Fix: 'error 017: undefined symbol' in Pawn

May 21, 2025 Daemon666 7 min read 18 vistas

error 017: undefined symbol "x" is the single most common failure people hit when compiling AMX Mod X plugins, and it means exactly one thing: the compiler reached an identifier it has no declaration for. Pawn is strongly typed and single-pass over declarations, so every function, native, constant and variable must be visible before the line that uses it. The symbol name in quotes is the whole diagnosis — read it first, then work through the causes below in order.

1. A missing #include

Natives live in include files, not in the compiler. If you call get_user_flags() without #include <amxmodx>, or a Ham function without #include <hamsandwich>, you get 017 on that exact native. Every plugin needs at least:

#include <amxmodx>
#include <amxmisc>

Then add one line per module you touch — <fakemeta>, <hamsandwich>, <cstrike>, <fun>, <sqlx>. Map the undefined symbol to the include that declares it. If you are new to this, writing your first plugin walks through the standard header block.
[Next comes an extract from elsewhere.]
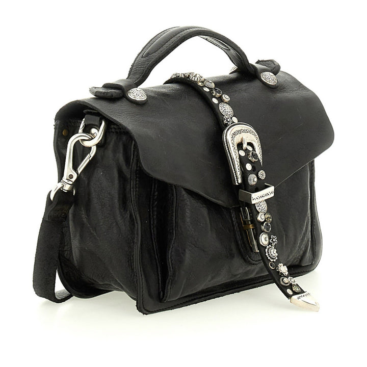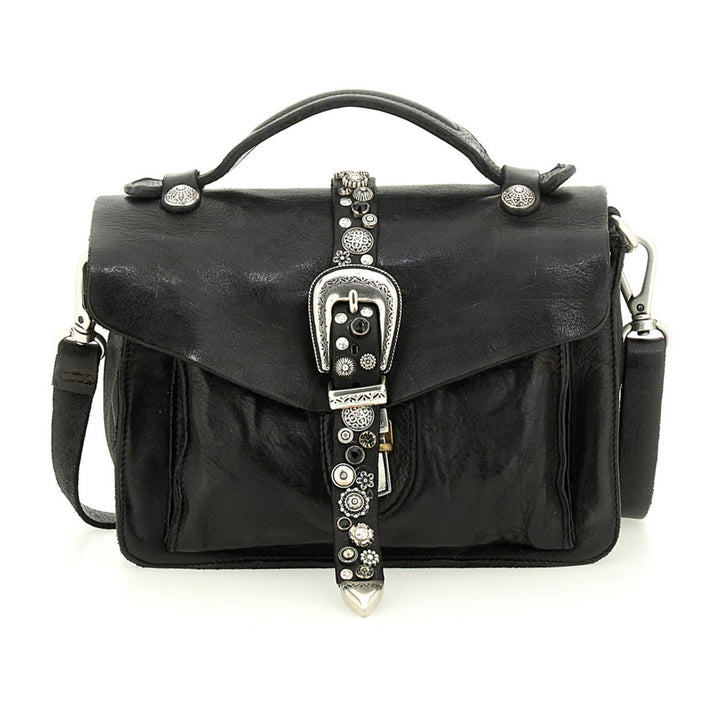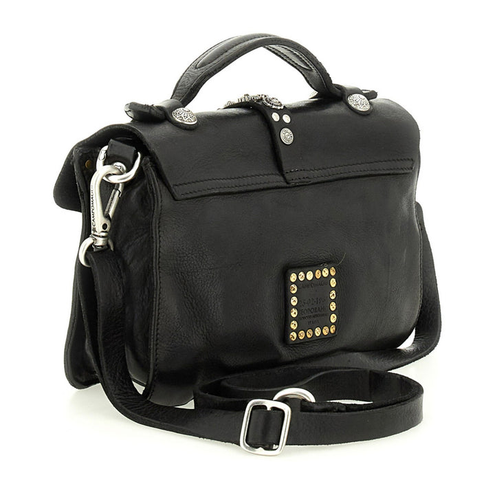 La borsa a tracolla Porzia di Campomaggi unisce la qualità della pelle di vacchetta tinta in capo alla brillantezza di borchie e strass, per un look grintoso, raffinato e 100% italiano. Ogni pezzo è unico, grazie alla tintura manuale che rende ogni borsa diversa e irripetibile.

2. The native exists — but not in your AMXX version

This trap catches experienced coders. client_print_color() was added in AMX Mod X 1.9. If your include/ folder is from 1.8.2, the compiler has never heard of it and throws 017. The fix is not to hack the include — it is to compile against 1.9 or 1.10 headers and set your plugin's minimum to match. The reverse also happens: you copied a single .inc into a 1.8.2 tree without the natives behind it. Confirm which toolchain you are on before you blame the code; see compiling .sma to .amxx for pinning the compiler version.

3. A typo or a case mismatch

Pawn identifiers are case-sensitive. get_user_Name is a different symbol from get_user_name, and the compiler will not guess. Watch for:

  • Capitalisation: Float: the tag versus float.
  • Underscores: is_user_alive, not isuseralive.
  • A constant you meant to #define but spelled differently at the use site.

4. Using a symbol before it is declared

Pawn reads top to bottom. A #define or a global used above its declaration is undefined at that point:

public plugin_init() {
    set_task(TASK_TIME, "tick")   // 017: TASK_TIME not yet defined
}
#define TASK_TIME 1.0

Move constants and globals to the top of the file. Functions are more forgiving — Pawn resolves ordinary function calls in a later pass — but constants and globals must precede their first use.

5. A public callback that was never written

When you register a handler by name, the compiler must find a public function with that exact name:

register_event("DeathMsg", "OnDeath", "a")
// ...
public OnDeath(id) { /* ... */ }   // must exist, spelled identically

Note that a missing callback more often shows as error 017 only if you reference the function elsewhere; a bare string mismatch fails silently at runtime instead. Still, keep the registered string and the public name identical.

Common errors that look like 017 but are not

  • error 021: symbol already defined — the opposite problem: two globals or two functions share a name. Rename one.
  • warning 213: tag mismatch — usually a Float: passed where a cell is expected. Not fatal, but fix it; it is a real bug most of the time.
  • error 088: number of arguments does not match definition — the native exists and is included, you just called it with the wrong argument count. Check the include for the real signature.
  • 017 on a whole cluster of symbols at once — almost always a single missing #include near the top, not many separate bugs. Fix the include and recompile before chasing the rest.

Verification

Recompile and read the summary line. A clean build ends with something like:

Header size:          1234 bytes
Code size:            5678 bytes
...
0 Errors.

Only 0 Errors. produces a usable .amxx; a build with errors writes nothing. If you compile inside an editor, set it up as in the VS Code AMXX setup so the exact line and symbol jump out. Once it builds, drop the .amxx into addons/amxmodx/plugins/, add it to plugins.ini, and confirm it loads with amxx list in the server console — a plugin that compiled but shows bad load there is a different problem (usually a missing module) covered in the module load fix.